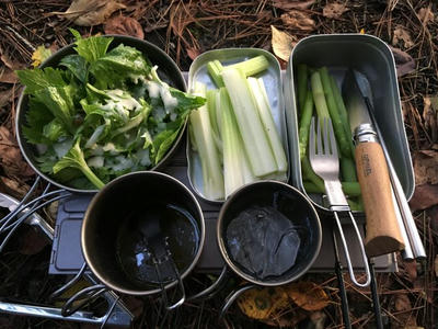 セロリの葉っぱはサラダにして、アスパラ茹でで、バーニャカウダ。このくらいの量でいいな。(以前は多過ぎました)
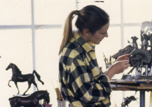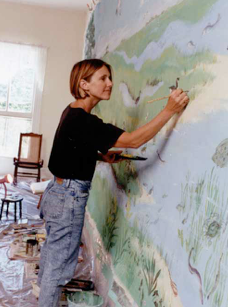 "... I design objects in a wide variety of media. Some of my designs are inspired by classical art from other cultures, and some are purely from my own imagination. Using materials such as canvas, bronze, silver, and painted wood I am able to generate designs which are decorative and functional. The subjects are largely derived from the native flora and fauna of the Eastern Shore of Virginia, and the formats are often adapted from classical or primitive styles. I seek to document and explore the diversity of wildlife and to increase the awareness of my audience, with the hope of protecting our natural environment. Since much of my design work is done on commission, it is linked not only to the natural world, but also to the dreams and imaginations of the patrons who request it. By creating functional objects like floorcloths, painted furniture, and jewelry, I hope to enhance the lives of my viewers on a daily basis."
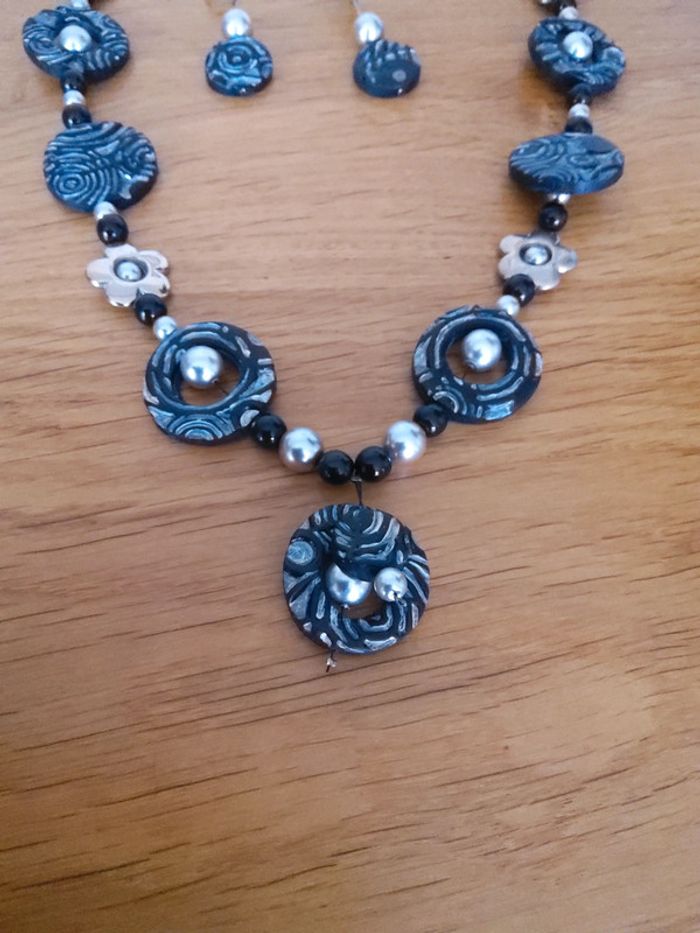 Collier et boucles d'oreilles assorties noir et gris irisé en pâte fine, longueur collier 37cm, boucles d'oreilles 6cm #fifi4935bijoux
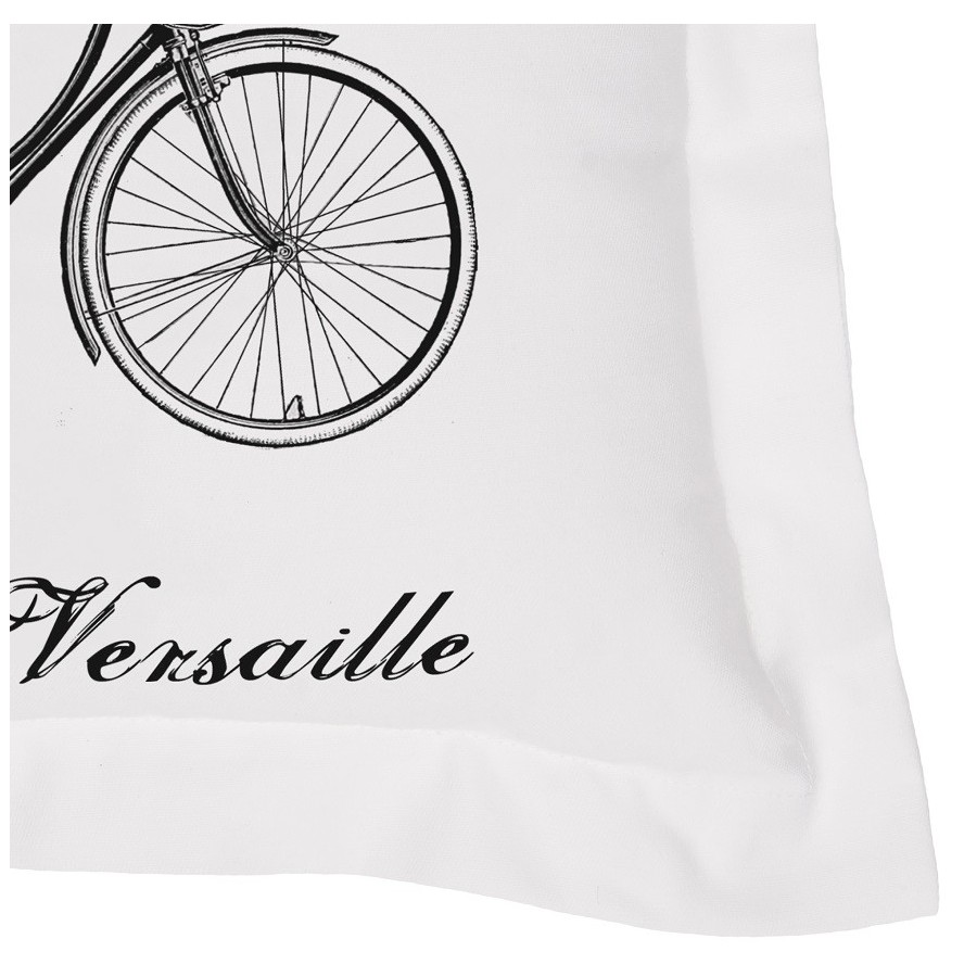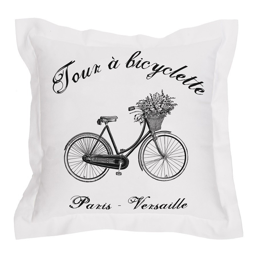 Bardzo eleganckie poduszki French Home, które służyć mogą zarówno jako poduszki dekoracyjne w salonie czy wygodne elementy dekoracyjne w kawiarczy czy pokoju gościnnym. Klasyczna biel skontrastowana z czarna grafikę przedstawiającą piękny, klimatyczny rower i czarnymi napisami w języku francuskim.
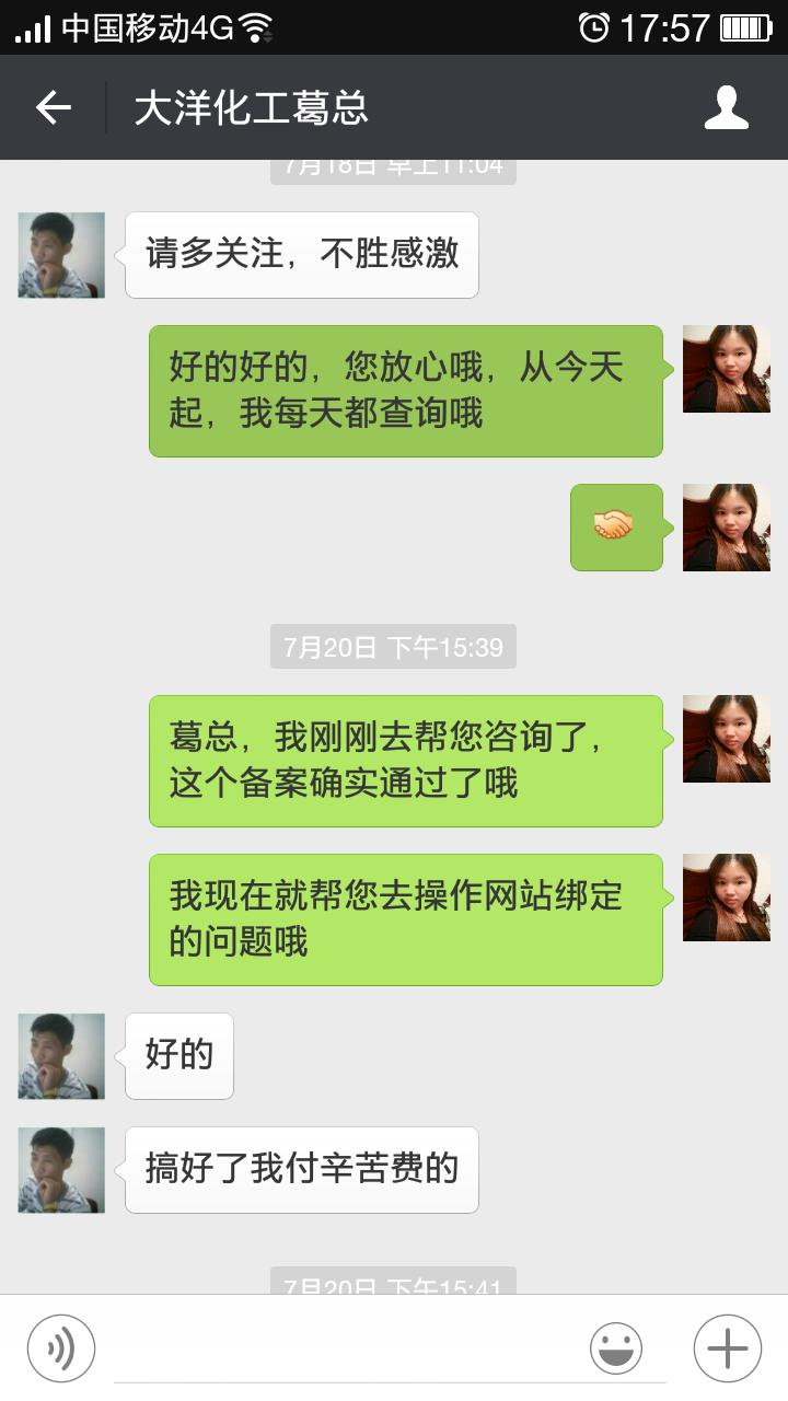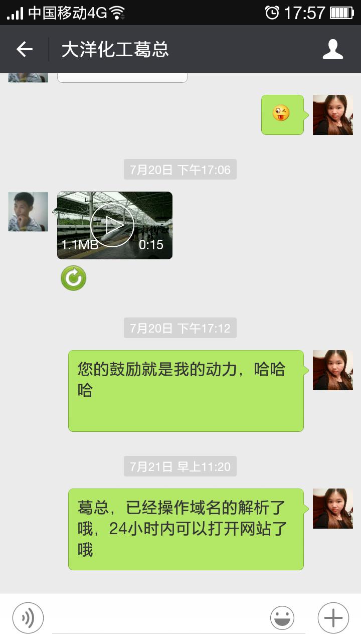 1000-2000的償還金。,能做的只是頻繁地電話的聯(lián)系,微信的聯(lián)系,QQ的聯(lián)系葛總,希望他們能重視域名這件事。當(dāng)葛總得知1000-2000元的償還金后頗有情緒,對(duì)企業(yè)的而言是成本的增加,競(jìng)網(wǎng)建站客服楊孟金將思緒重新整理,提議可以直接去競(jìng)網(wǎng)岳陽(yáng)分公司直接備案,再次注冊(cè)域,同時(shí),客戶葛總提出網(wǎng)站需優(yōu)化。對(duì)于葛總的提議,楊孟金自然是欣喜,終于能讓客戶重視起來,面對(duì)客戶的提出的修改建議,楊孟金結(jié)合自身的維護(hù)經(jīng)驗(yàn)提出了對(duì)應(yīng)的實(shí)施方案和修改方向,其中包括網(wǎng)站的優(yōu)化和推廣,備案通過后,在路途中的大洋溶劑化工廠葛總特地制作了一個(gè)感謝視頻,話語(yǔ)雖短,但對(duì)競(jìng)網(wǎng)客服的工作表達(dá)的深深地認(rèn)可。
== == ==
INSTRUCTIONS FOR THE TASK:
Leave every picture out. Retype the remaining data exactly.

SOLUTION TO THIS TASK:
 セロリの葉っぱはサラダにして、アスパラ茹でで、バーニャカウダ。このくらいの量でいいな。(以前は多過ぎました)
 "... I design objects in a wide variety of media. Some of my designs are inspired by classical art from other cultures, and some are purely from my own imagination. Using materials such as canvas, bronze, silver, and painted wood I am able to generate designs which are decorative and functional. The subjects are largely derived from the native flora and fauna of the Eastern Shore of Virginia, and the formats are often adapted from classical or primitive styles. I seek to document and explore the diversity of wildlife and to increase the awareness of my audience, with the hope of protecting our natural environment. Since much of my design work is done on commission, it is linked not only to the natural world, but also to the dreams and imaginations of the patrons who request it. By creating functional objects like floorcloths, painted furniture, and jewelry, I hope to enhance the lives of my viewers on a daily basis."
 Collier et boucles d'oreilles assorties noir et gris irisé en pâte fine, longueur collier 37cm, boucles d'oreilles 6cm #fifi4935bijoux
 Bardzo eleganckie poduszki French Home, które służyć mogą zarówno jako poduszki dekoracyjne w salonie czy wygodne elementy dekoracyjne w kawiarczy czy pokoju gościnnym. Klasyczna biel skontrastowana z czarna grafikę przedstawiającą piękny, klimatyczny rower i czarnymi napisami w języku francuskim.
 1000-2000的償還金。,能做的只是頻繁地電話的聯(lián)系,微信的聯(lián)系,QQ的聯(lián)系葛總,希望他們能重視域名這件事。當(dāng)葛總得知1000-2000元的償還金后頗有情緒,對(duì)企業(yè)的而言是成本的增加,競(jìng)網(wǎng)建站客服楊孟金將思緒重新整理,提議可以直接去競(jìng)網(wǎng)岳陽(yáng)分公司直接備案,再次注冊(cè)域,同時(shí),客戶葛總提出網(wǎng)站需優(yōu)化。對(duì)于葛總的提議,楊孟金自然是欣喜,終于能讓客戶重視起來,面對(duì)客戶的提出的修改建議,楊孟金結(jié)合自身的維護(hù)經(jīng)驗(yàn)提出了對(duì)應(yīng)的實(shí)施方案和修改方向,其中包括網(wǎng)站的優(yōu)化和推廣,備案通過后,在路途中的大洋溶劑化工廠葛總特地制作了一個(gè)感謝視頻,話語(yǔ)雖短,但對(duì)競(jìng)網(wǎng)客服的工作表達(dá)的深深地認(rèn)可。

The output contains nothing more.